WORK INSTRUCTIONS
From the first line down to the line containing "Μαρτυρικό βάπτισης βραχιόλι", print the records below exactly, leaving every picture out.

TASK DATA

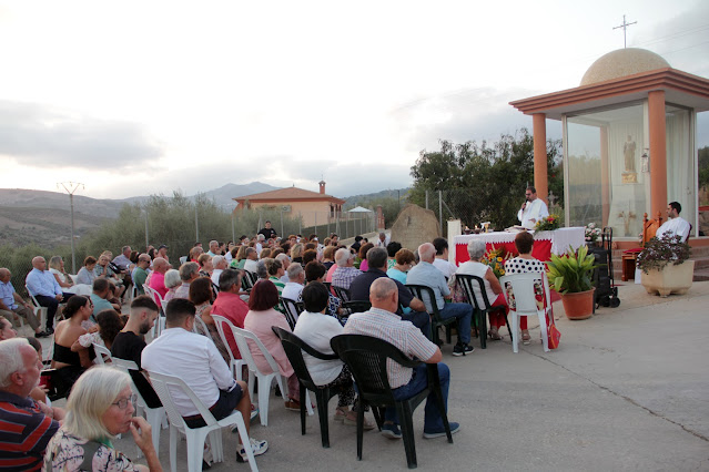 Congregados en la aldea de Las Mayoralas, a partir de las 20 horas, tuvo lugar la celebración de una emotiva Misa frente al templete de santa María de la Cabeza. La Eucaristía fue oficiada por el Párroco Rvdo. D. Sergiu Antal y contó con la participación del Coro Rociero Camino de Olivares.
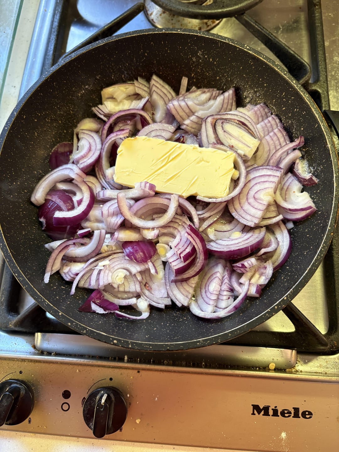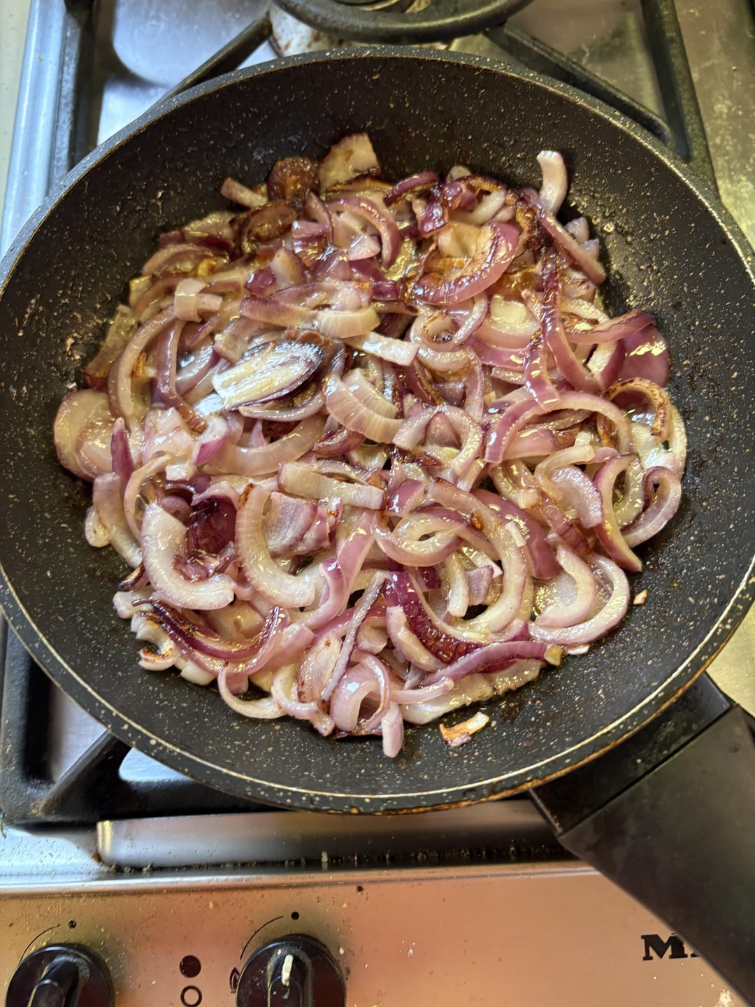 As much as I love red onions, I always think their color is so gross when they’re sautéed lol
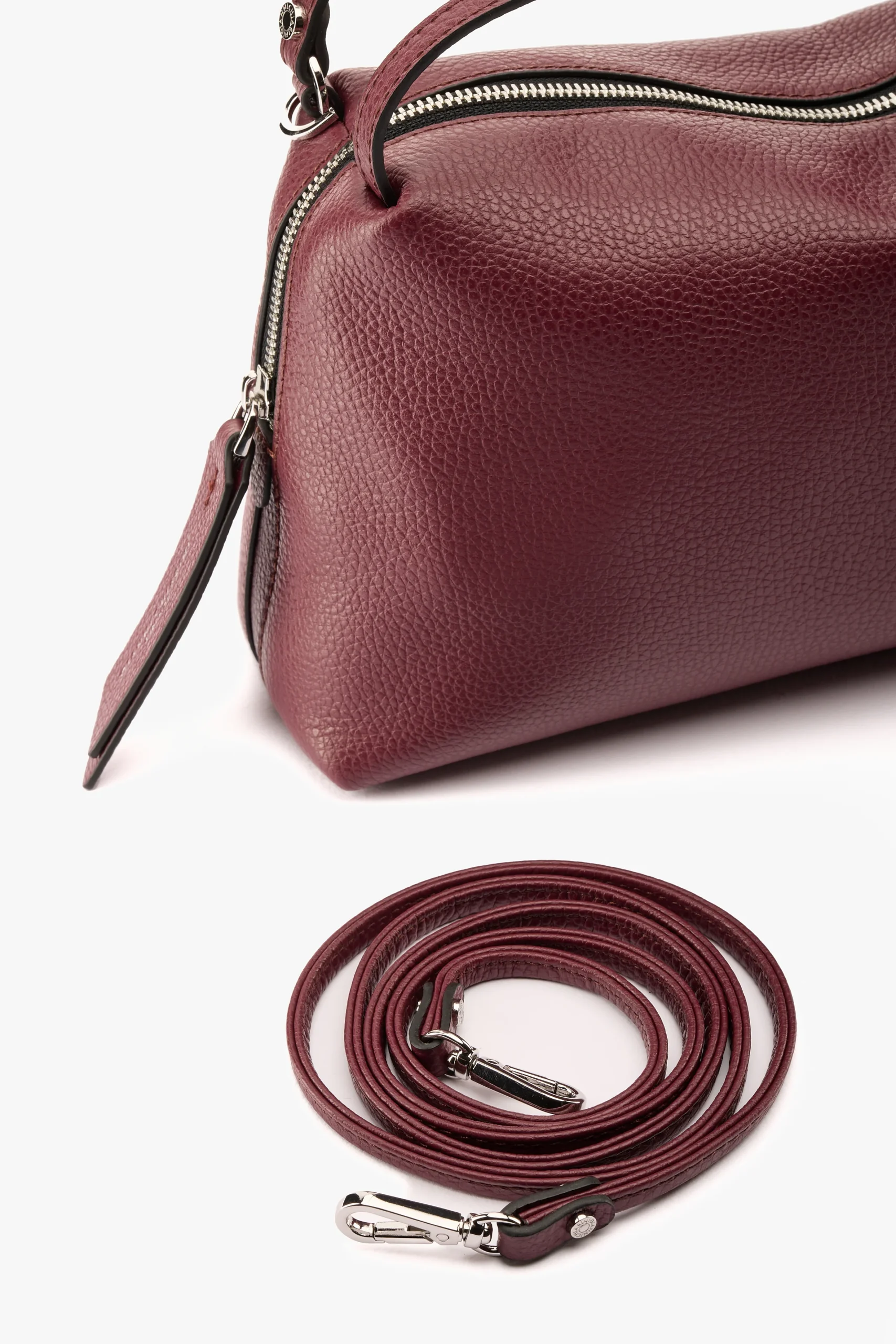 Borsa a mano in pelle martellata wine berry Tracolla in pelle rimovibile 26x16x12 cm
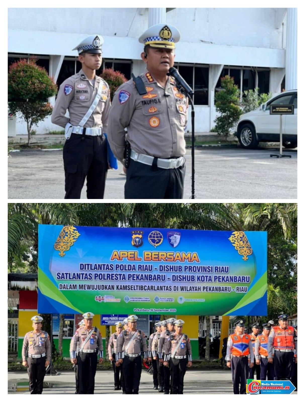Pekanbaru,Cakrawala– Direktorat Lalu Lintas (Ditlantas) Polda Riau bersama Dinas Perhubungan (Dishub) Provinsi Riau dan Dishub Kota Pekanbaru menggelar apel gabungan yang dilanjutkan dengan Tactical Floor Game (TFG) antisipasi kerawanan lalu lintas, Selasa (16/9/2025), di halaman Samsat Jalan Gadjah Mada Pekanbaru.
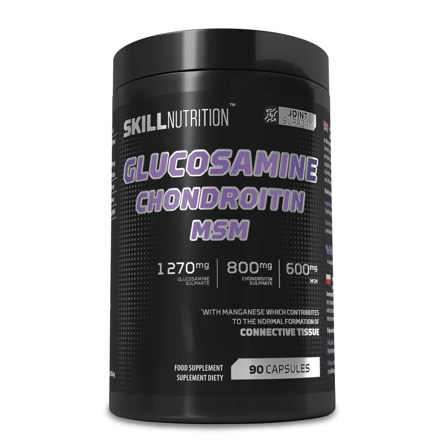 SkillNutrition Glucosamine + Chondroitin + MSM is a food supplement formulated for adults who wish to support daily nutrition as part of a balanced diet and healthy lifestyle. It combines glucosamine sulphate, chondroitin sulphate, MSM (methylsulfonylmethane) and manganese in a convenient capsule format.
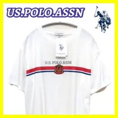フリル袖のネイビートップス、ロゴ刺繍付きでカジュアルスタイルに最適。
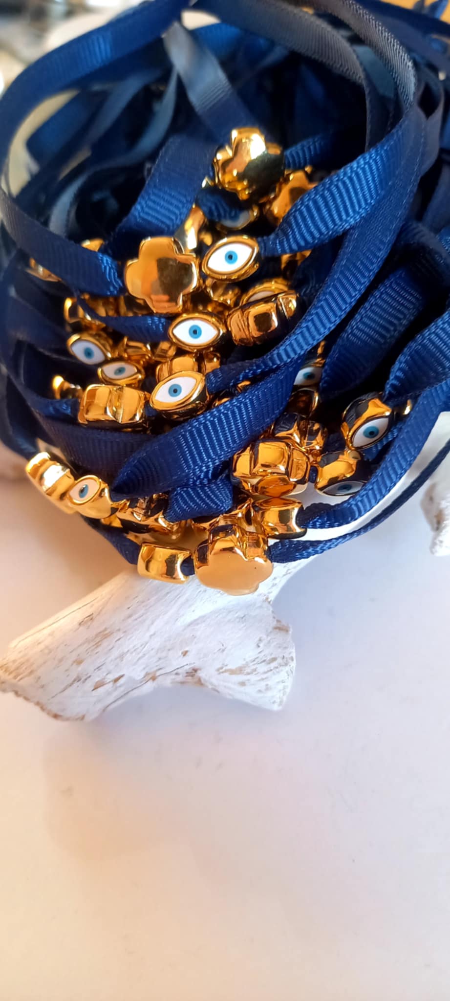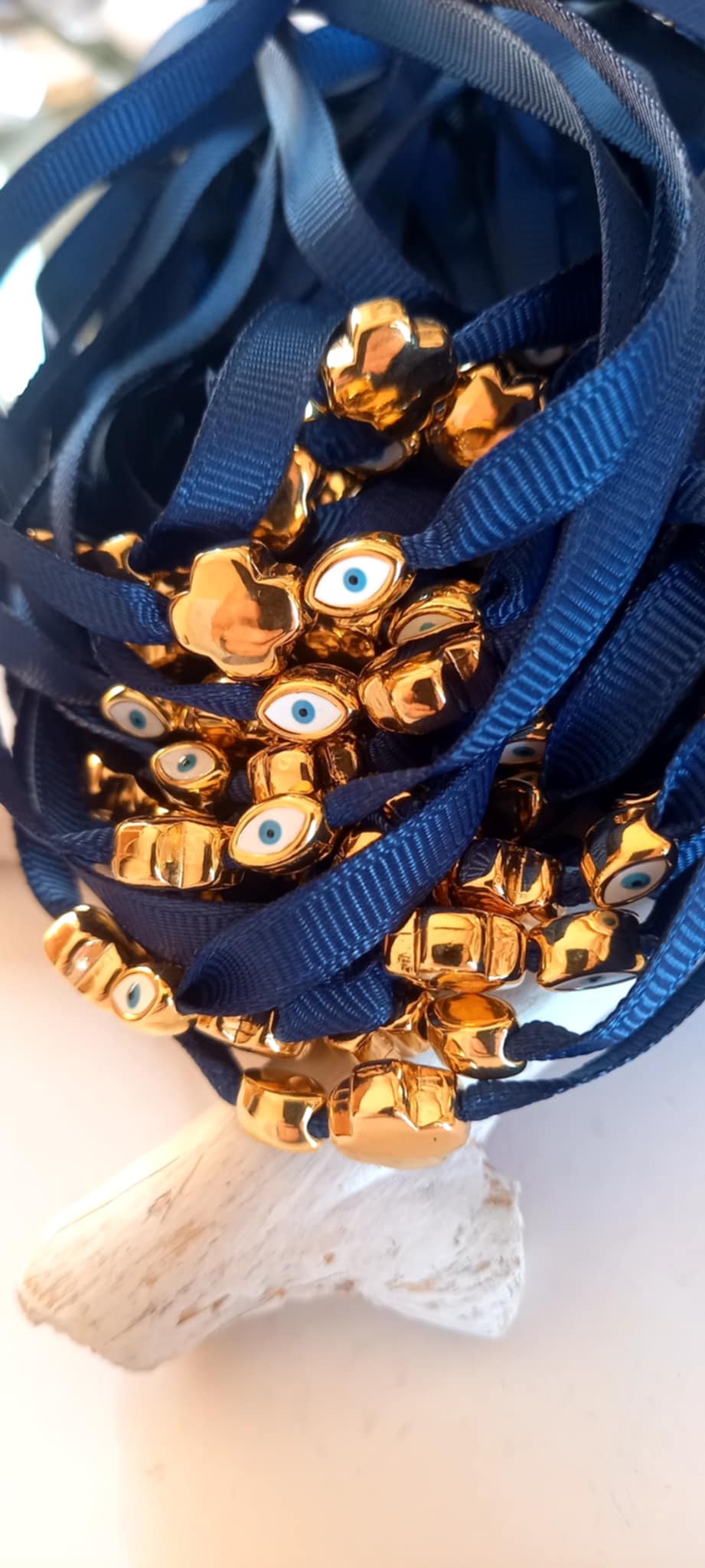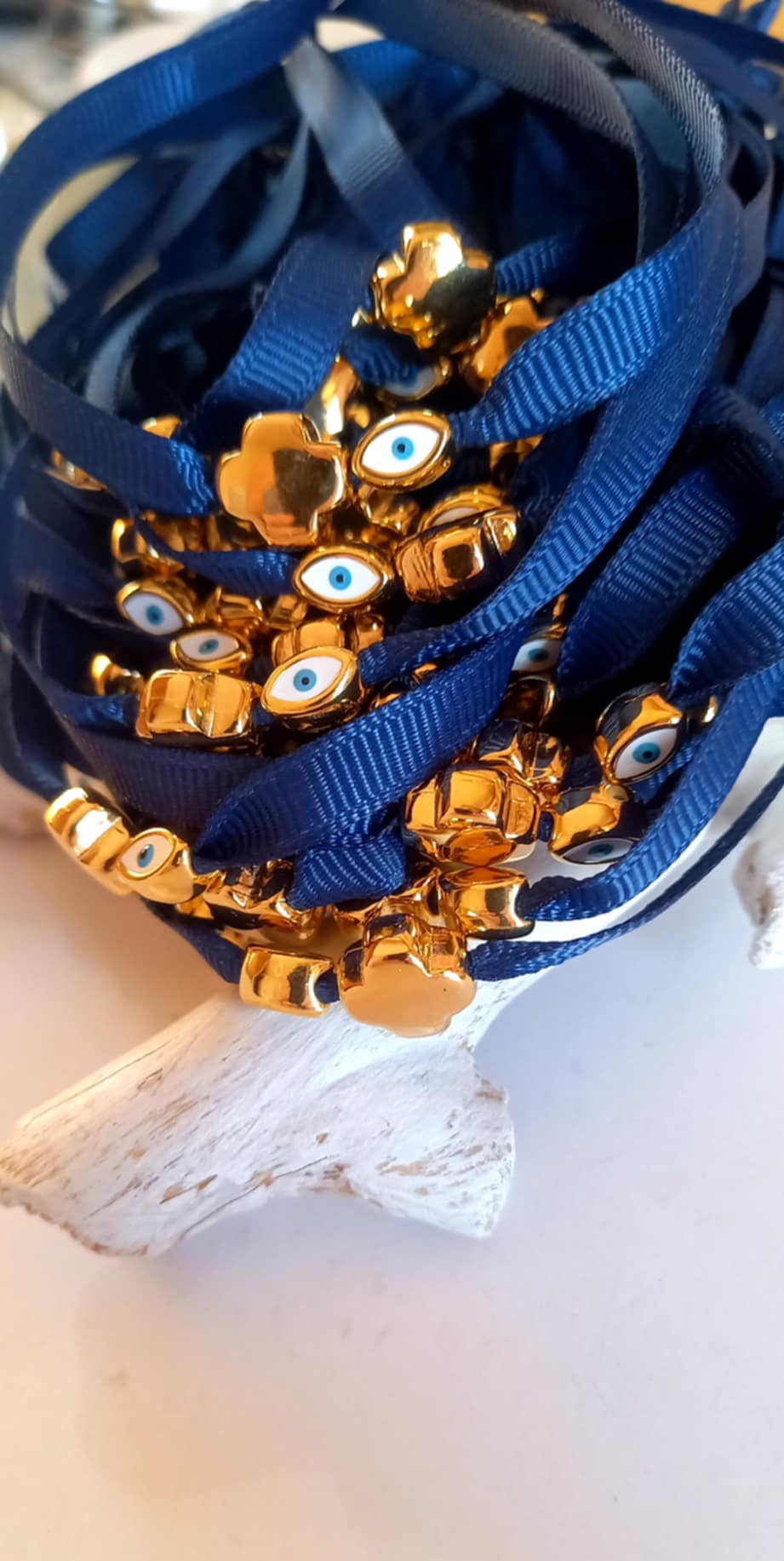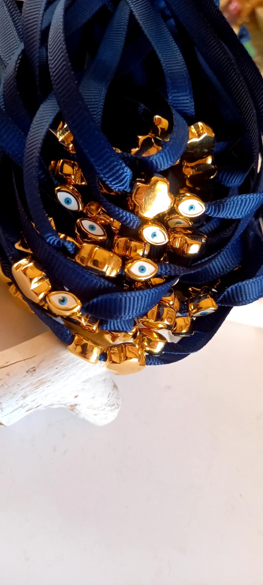 Μαρτυρικό βάπτισης βραχιόλι με γκρο κορδέλα σε απόχρωση navy blue, επιχρυσωμένο σταυρουδάκι και επιχρυσωμένο μάτι με σμάλτο.
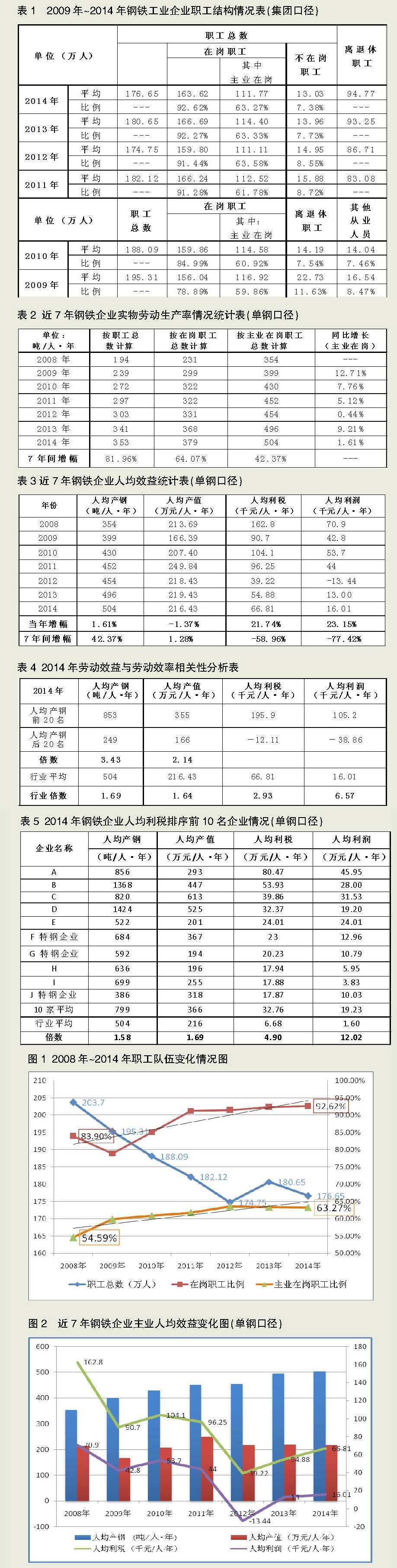 截至2015年9月底,鋼協(xié)共收到124家會員單位報來的《2014年鋼鐵工業(yè)企業(yè)勞動人事統(tǒng)計報表》。其中,以集團口徑統(tǒng)計,實際納入統(tǒng)計范圍的鋼鐵集團企業(yè)為75家;以單鋼口徑統(tǒng)計,實際納入統(tǒng)計范圍的鋼鐵企業(yè)共計107家。以單鋼口徑計算,上述107家鋼鐵企業(yè)2014年共生產(chǎn)粗鋼5.64億噸,占全國粗鋼產(chǎn)量8.23億噸(國家統(tǒng)計局《2014年國民經(jīng)濟和社會發(fā)展統(tǒng)計公報》)的68.25%。
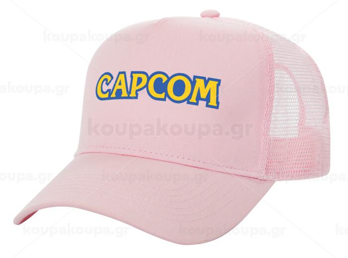 Capcom, Adult Structured Trucker Hat, with Mesh, PINK (100% COTTON, ADULT, UNISEX, ONE SIZE)

ANSWER TO THIS TASK
 Congregados en la aldea de Las Mayoralas, a partir de las 20 horas, tuvo lugar la celebración de una emotiva Misa frente al templete de santa María de la Cabeza. La Eucaristía fue oficiada por el Párroco Rvdo. D. Sergiu Antal y contó con la participación del Coro Rociero Camino de Olivares.
 As much as I love red onions, I always think their color is so gross when they’re sautéed lol
 Borsa a mano in pelle martellata wine berry Tracolla in pelle rimovibile 26x16x12 cm
Pekanbaru,Cakrawala– Direktorat Lalu Lintas (Ditlantas) Polda Riau bersama Dinas Perhubungan (Dishub) Provinsi Riau dan Dishub Kota Pekanbaru menggelar apel gabungan yang dilanjutkan dengan Tactical Floor Game (TFG) antisipasi kerawanan lalu lintas, Selasa (16/9/2025), di halaman Samsat Jalan Gadjah Mada Pekanbaru.
 SkillNutrition Glucosamine + Chondroitin + MSM is a food supplement formulated for adults who wish to support daily nutrition as part of a balanced diet and healthy lifestyle. It combines glucosamine sulphate, chondroitin sulphate, MSM (methylsulfonylmethane) and manganese in a convenient capsule format.
フリル袖のネイビートップス、ロゴ刺繍付きでカジュアルスタイルに最適。
 Μαρτυρικό βάπτισης βραχιόλι με γκρο κορδέλα σε απόχρωση navy blue, επιχρυσωμένο σταυρουδάκι και επιχρυσωμένο μάτι με σμάλτο.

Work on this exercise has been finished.